I thought about this while learning image processing. I want to put text with the value of the image hash itself near the top of the image.

Is there a solution to achieve my purpose somehow?

enter image description here

xk flag
From your comments on the existing answer: "actually my purpose is not for security reason, but to convince people who guess what this image is talking about. If I tell the answer `broken heart` after they surrender, ofcourse they dont believe me, so that's why I put hash inside the image." If the goal is simply to have a commitment (to the text `broken heart`), why isn't including a hash of the thing you committed to in the picture enough? Why does *the image itself* also have to hash to the same thing as what you committed to?
cn flag
All modern hashing algorithms are intentionally designed to mitigate this possibility. What you're asking for is to find a hashing algorithm that does not have [preimage attack](https://en.wikipedia.org/wiki/Preimage_attack) resistance. This is why, for example, a PGP-signed message includes all of the text in the email *except* for the signature. It would be impossible to calculate the signature that includes itself in the text, at least as far as we're aware.
Joseph Sible-Reinstate Monica avatar
vn flag
https://news.ycombinator.com/item?id=13823704
Score:13
in flag

is there a solution how to achieve my purpose?

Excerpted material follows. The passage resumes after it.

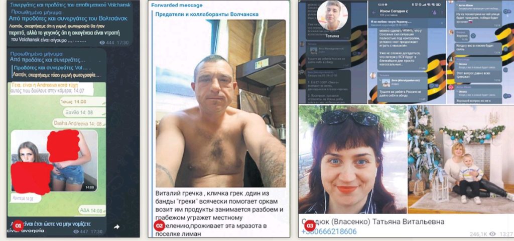 Ενδεικτικά στα κανάλια που εξερεύνησε το Documento εμφανίζονται εκατοντάδες άτομα και χιλιάδες επισυναπτόμενες φωτογραφίες από κάθε περίσταση, όπως μέσα κοινωνικής δικτύωσης, ιδιωτικές στιγμές και δημόσιες παρουσίες. Χαρακτηριστικό είναι το παράδειγμα της νεοναζιστικής παραστρατιωτικής οργάνωσης Δεξιός Τομέας, η οποία έχει δημιουργήσει ένα θεματικό κανάλι στο Telegram μόνο για τις περιπτώσεις των ρωσόφωνων «συνεργατών». Το εν λόγω κανάλι αφορά την πόλη Βολτσάνσκ, η οποία ανακαταλήφθηκε από τους Ουκρανούς στις αρχές Σεπτεμβρίου, μεσούσης της αντεπίθεσης που εξαπέλυσε το Κίεβο. Ο Δεξιός Τομέας υπήρξε μία από τις κινητήριες δυνάμεις του Μαϊντάν το 2014 και όταν ξεκίνησε ο εμφύλιος πόλεμος στις περιοχές των ρωσόφωνων είχε πλούσια εγκληματική δράση. Οι καταγγελίες συμπεριλάμβαναν βασανισμούς και δολοφονίες ρωσόφωνων που κατηγορούνταν για «προδοσία». Σε αυτό το μήκος κύματος κινούνται και οι καταγγελίες που πραγματοποιούν ρωσόφωνοι στο διαδίκτυο, οι οποίοι κάνουν λόγο για απειλές βιασμών ή θανάτου.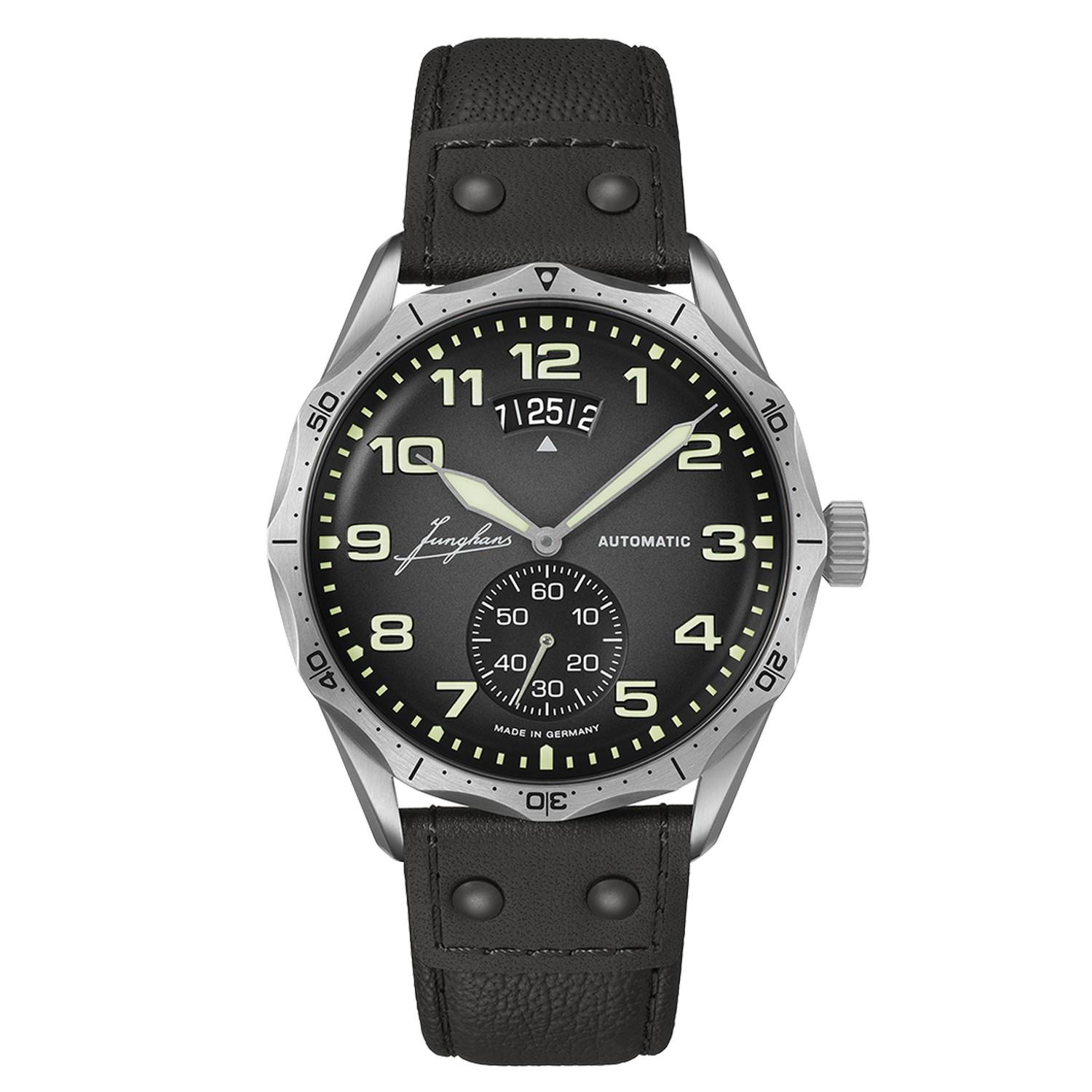 Lebenswichtig für Piloten, erfreulich für Uhrenliebhaber: die gute Ablesbarkeit der Pilot Automatic. Authentischen Bordinstrumenten nachempfunden, verstärken die großen Zahlen der Datumsanzeige den Cockpit-Charakter der Uhr. Die Kleine Sekunde mit rotem Zeiger sorgt für zusätzliche Übersichtlichkeit. Das historische Logo auf dem Zifferblatt weist auf die traditionelle Verbundenheit von Junghans zur Luftfahrt hin.

We can re-formalize your question in a general form as;

Find a text that contains its hash inside of it. $$\text{digest-value} = \operatorname{Hash}(\text{some part| digest-value | some other part)})$$

When you change the text, the hash value will be changed. This is not possible with cryptographic hash functions since the search is beyond all.

What you can do;

  • if the hash text is really 16 hex values, then you try all possible $2^{64}$ values to match. We may assume that you use SHA-256 and trim the result. The drawback is this; we don't know that trimmed SHA-256 attains all values.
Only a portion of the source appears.